Demand elasticities measure the change in the quantity demanded of a particular good or service as a result of changes to other economic variables, such as its own price, the price of competing or complementary goods and services, income levels, taxes.
Demand elasticities can be influenced by several factors. Each of these factors, along with the specific characteristics of the product, will interact to determine its overall responsiveness of demand to changes in prices and incomes.
The individual characteristics of a good or service will have an impact, but there are also a number of general factors that will typically affect the sensitivity of demand, such as the availability of substitutes, whereby the elasticity is typically higher the greater the number of available substitutes, as consumers can easily switch between different products.
The degree of necessity. Luxury products and habit forming ones, typically have a higher elasticity.
Proportion of the budget consumed by the item. Products that consume a large portion of the consumer’s budget tend to have greater elasticity.
Elasticities tend to be greater over the long run because consumers have more time to adjust their behaviour.
Finally, if the product or service is an input into a final product then the price elasticity will depend on the price elasticity of the final product, its cost share in the production costs, and the availability of substitutes for that good or service.

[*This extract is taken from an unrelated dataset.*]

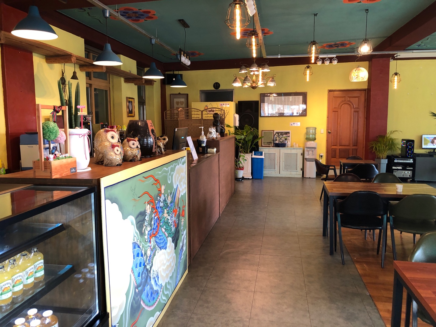 카페 안의 음악이 주변 분위기와 잘 어울린다.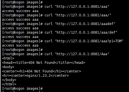 # 如果规则(后面跟/目录符号) location /aaa/ { 则只能匹配到下面两行:

Prices are also forecast using an input-output framework. Input costs have two components; labour costs are driven by wages, while intermediate costs are computed as an input-output weighted aggregate of input sectors’ prices. Employment is a function of output and real sectoral wages, that are forecast as a function of whole economy growth in wages. Investment is forecast as a function of output and aggregate level business investment.